Quel manifesto per il primo anniversario della morte di Cutolo ricorda tutto questo. Non ricorda i soldi sottratti ai fondi statali post terremoto con cui si è creata la peggior classe politica meridionale, ma ricorda le elemosine date ai terremotati senza casa in cambio di un’obbedienza totale, ricorda i soldi dati alle famiglie dei carcerati, l’affiliazione in massa dei disoccupati vesuviani, il potere camorristico in un vuoto di lavoro, diritto e sicurezza. Certo, Ottaviano degli anni Ottanta è imparagonabile a quella di oggi, eppure la tragedia immensa del lavoro è stata affrontata con l’emigrazione, destino di generazioni di meridionali. Cutolo ha fatto sentire una parte della popolazione non abbandonata.

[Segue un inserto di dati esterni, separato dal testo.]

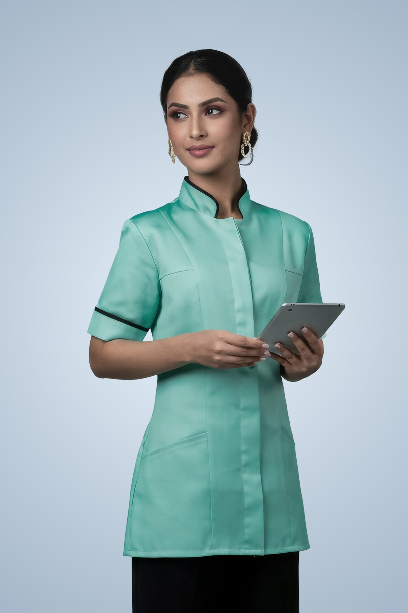 Inform when this item available Brockley Mandarin Tunic - Aqua & Navy Blue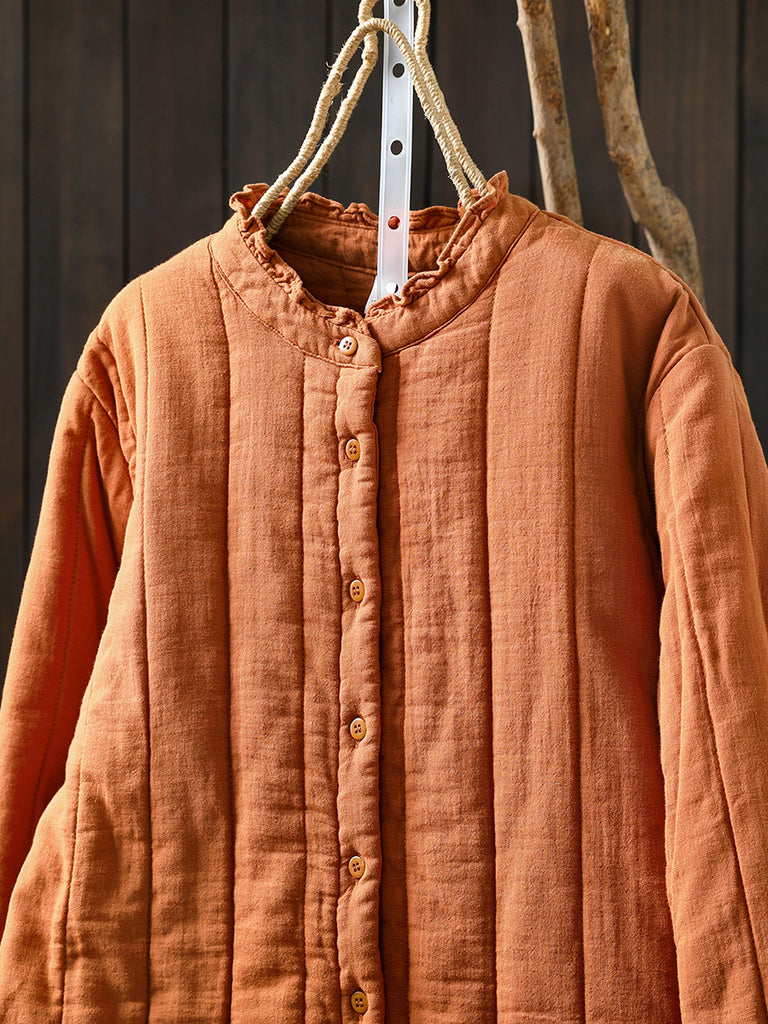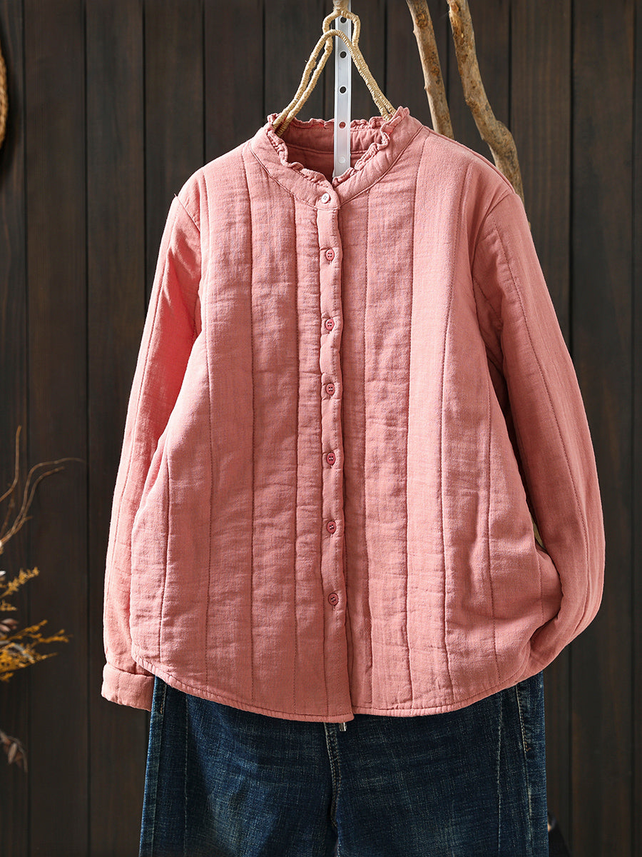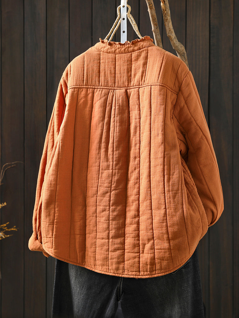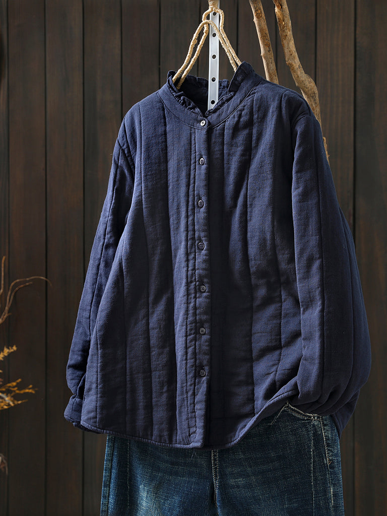 Casaco acolchoado feminino de inverno em cor lisa com gola alta

Quei manifesti terribili ci devono ricordare che le organizzazioni criminali non vincono solo con le pistole, col ricatto, vincono col consenso, con la presenza e anche con un certo tipo di deformata cura. Cutolo avrebbe potuto uscire dal carcere pentendosi, non l’ha mai fatto. Poteva accennare anche solo pochissime cose, e il valore simbolico del suo pentimento per lo Stato (come accade con molti capi) avrebbe fatto passare in secondo piano la sua poca reale voglia di collaborazione. Ha invece chiuso la sua vita in carcere volendo assecondare il suo mito, di monaco criminale che mantiene fede alla sua scelta d’omertà. Quel soprannome in fondo non è solo di suo padre, è stato anche – in un significato deformato – il suo destino.